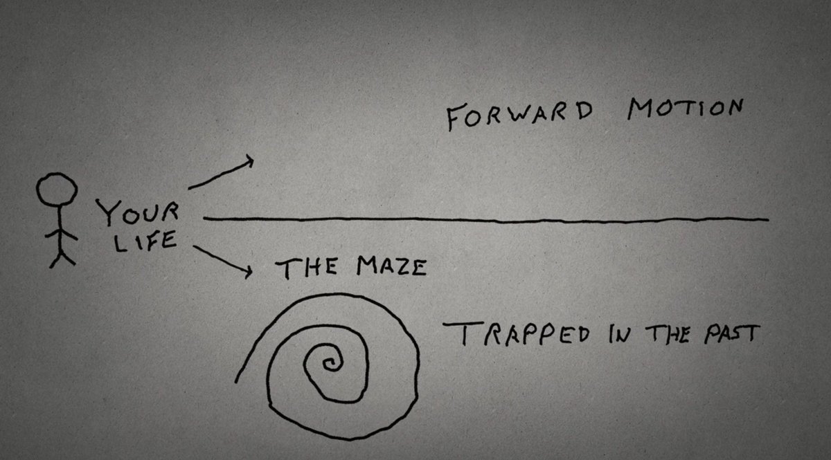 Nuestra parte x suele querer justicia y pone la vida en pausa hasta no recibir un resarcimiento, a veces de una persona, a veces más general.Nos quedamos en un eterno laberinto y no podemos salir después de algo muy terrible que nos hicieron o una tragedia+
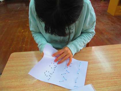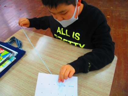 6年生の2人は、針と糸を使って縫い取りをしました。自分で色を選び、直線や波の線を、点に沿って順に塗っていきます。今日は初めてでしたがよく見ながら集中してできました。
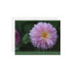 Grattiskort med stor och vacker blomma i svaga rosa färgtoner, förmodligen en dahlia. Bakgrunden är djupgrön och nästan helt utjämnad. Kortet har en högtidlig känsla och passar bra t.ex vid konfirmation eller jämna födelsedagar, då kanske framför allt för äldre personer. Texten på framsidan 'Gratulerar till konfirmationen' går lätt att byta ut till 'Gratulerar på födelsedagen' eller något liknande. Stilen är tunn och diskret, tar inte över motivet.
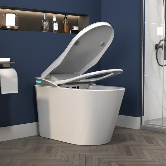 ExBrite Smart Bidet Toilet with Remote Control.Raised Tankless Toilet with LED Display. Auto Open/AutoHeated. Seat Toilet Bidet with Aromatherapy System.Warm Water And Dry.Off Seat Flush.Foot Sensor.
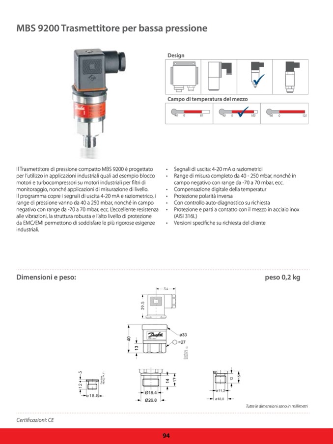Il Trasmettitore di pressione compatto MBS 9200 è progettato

...

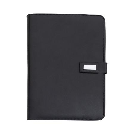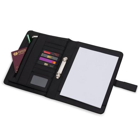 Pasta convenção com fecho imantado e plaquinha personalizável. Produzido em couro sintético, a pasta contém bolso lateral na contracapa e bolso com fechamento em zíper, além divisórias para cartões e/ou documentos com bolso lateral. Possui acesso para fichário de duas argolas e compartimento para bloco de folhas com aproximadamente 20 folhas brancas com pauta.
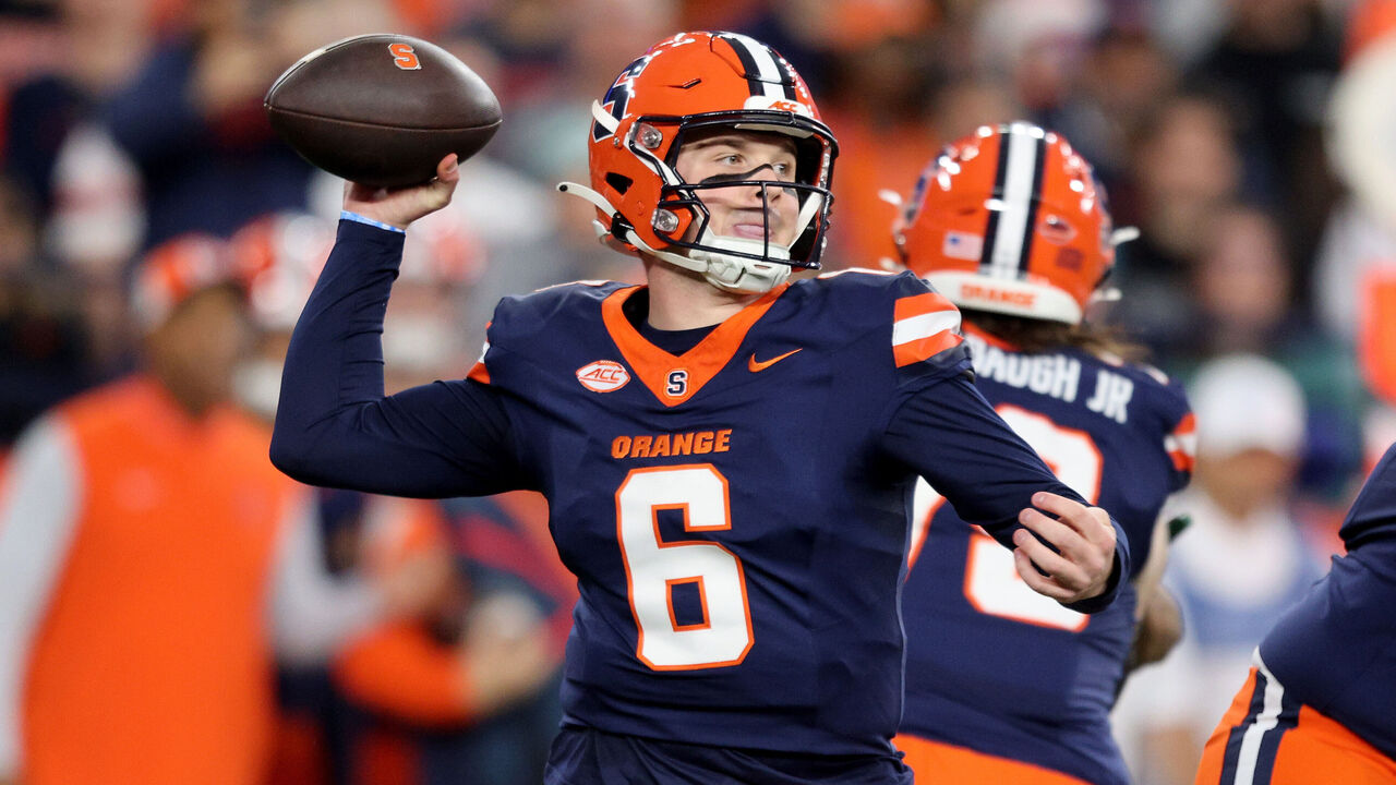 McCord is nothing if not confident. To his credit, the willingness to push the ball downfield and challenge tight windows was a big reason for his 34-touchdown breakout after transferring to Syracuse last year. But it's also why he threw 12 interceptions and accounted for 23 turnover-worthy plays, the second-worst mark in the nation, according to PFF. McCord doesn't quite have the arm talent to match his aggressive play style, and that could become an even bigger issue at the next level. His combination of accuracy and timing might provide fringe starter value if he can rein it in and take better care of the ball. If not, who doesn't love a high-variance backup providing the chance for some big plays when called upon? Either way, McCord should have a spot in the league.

• DIRECTIONS:
Nothing but the lines above from the line with "6年生の2人は、針と糸を使っ" up to and including the line with "Il Trasmettitore di" should be returned, exactly as written and without pictures.

• RESPONSE FOR THIS EXERCISE:
 6年生の2人は、針と糸を使って縫い取りをしました。自分で色を選び、直線や波の線を、点に沿って順に塗っていきます。今日は初めてでしたがよく見ながら集中してできました。
 Grattiskort med stor och vacker blomma i svaga rosa färgtoner, förmodligen en dahlia. Bakgrunden är djupgrön och nästan helt utjämnad. Kortet har en högtidlig känsla och passar bra t.ex vid konfirmation eller jämna födelsedagar, då kanske framför allt för äldre personer. Texten på framsidan 'Gratulerar till konfirmationen' går lätt att byta ut till 'Gratulerar på födelsedagen' eller något liknande. Stilen är tunn och diskret, tar inte över motivet.
 ExBrite Smart Bidet Toilet with Remote Control.Raised Tankless Toilet with LED Display. Auto Open/AutoHeated. Seat Toilet Bidet with Aromatherapy System.Warm Water And Dry.Off Seat Flush.Foot Sensor.
Il Trasmettitore di pressione compatto MBS 9200 è progettato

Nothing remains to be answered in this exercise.